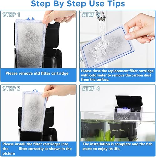 【4 in 1 Fish Filter Cartridges, 360° Filtration, Keep Aquarium Fresh and Fish Healthier】: ① Fish tank filter cartridge is wrapped by dense double-sided mesh to capture maximum debris and filter debris and fish waste. ② Super activated carbon quickly removes odors and yellow, leaving the glass of your aquarium free of buildup and keeping the fish tank's water crystal. ③ NEW aquarium filter media Zeo-lite, work to keep PH balance of the water while also removing odors and discolorations.
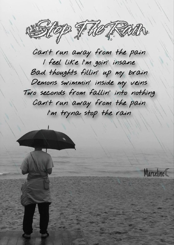 В "Stop the Rain", в отличие от "Forever Rain", дождь — это то, с чем они активно борются. Он представляет собой неизбежный поток внутренних страданий и шрамы от непонимания. Для Табло и Намджуна дождь не нежный и поэтичный, а жесток и беспощаден. Это метафора депрессии, навязчивых мыслей и остатков жизни, отмеченной чувством вины и разочарованием. Они не ищут в нем утешения, они отчаянно пытаются остановить его. Дождь становится физическим проявлением их закручивающихся мыслей, их эмоциональной нестабильности, их борьбы за то, чтобы удержаться на плаву среди ментального хаоса. Он обливает их воспоминаниями, которые они предпочли бы забыть, и чувствами, от которых они предпочли бы убежать. Однако, несмотря на их усилия, ливень продолжается, что говорит о том, что боль, как и дождь, часто не поддается контролю: непрошеная, неумолимая и глубоко личная.
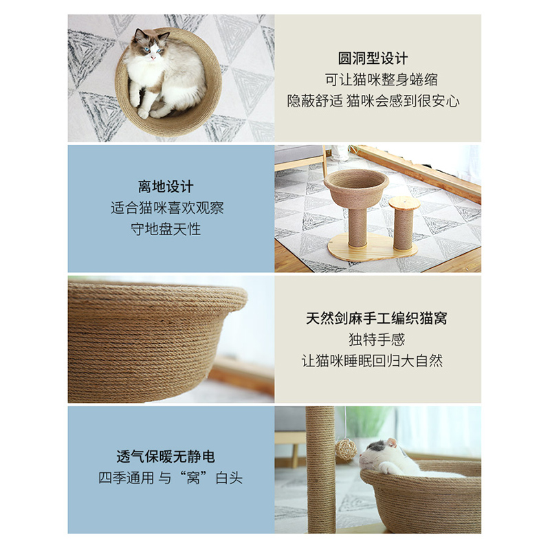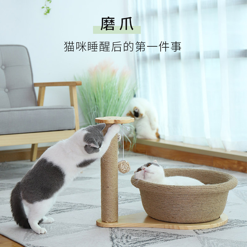 Cat climbing frame One-piece cat scratching post Cat scratching board Small cat tree sisal mat Cat nest house Solid wood cat platform Cat frame diy
◇ ◇ ◇
• [DESCRIPTION OF THE TASK]:
Output nothing but the lines from the line with "и глубоко личная." through the last line of the material above, please, word for word and without the pictures.

• [ANSWER TO THE PROBLEM]:
 В "Stop the Rain", в отличие от "Forever Rain", дождь — это то, с чем они активно борются. Он представляет собой неизбежный поток внутренних страданий и шрамы от непонимания. Для Табло и Намджуна дождь не нежный и поэтичный, а жесток и беспощаден. Это метафора депрессии, навязчивых мыслей и остатков жизни, отмеченной чувством вины и разочарованием. Они не ищут в нем утешения, они отчаянно пытаются остановить его. Дождь становится физическим проявлением их закручивающихся мыслей, их эмоциональной нестабильности, их борьбы за то, чтобы удержаться на плаву среди ментального хаоса. Он обливает их воспоминаниями, которые они предпочли бы забыть, и чувствами, от которых они предпочли бы убежать. Однако, несмотря на их усилия, ливень продолжается, что говорит о том, что боль, как и дождь, часто не поддается контролю: непрошеная, неумолимая и глубоко личная.
 Cat climbing frame One-piece cat scratching post Cat scratching board Small cat tree sisal mat Cat nest house Solid wood cat platform Cat frame diy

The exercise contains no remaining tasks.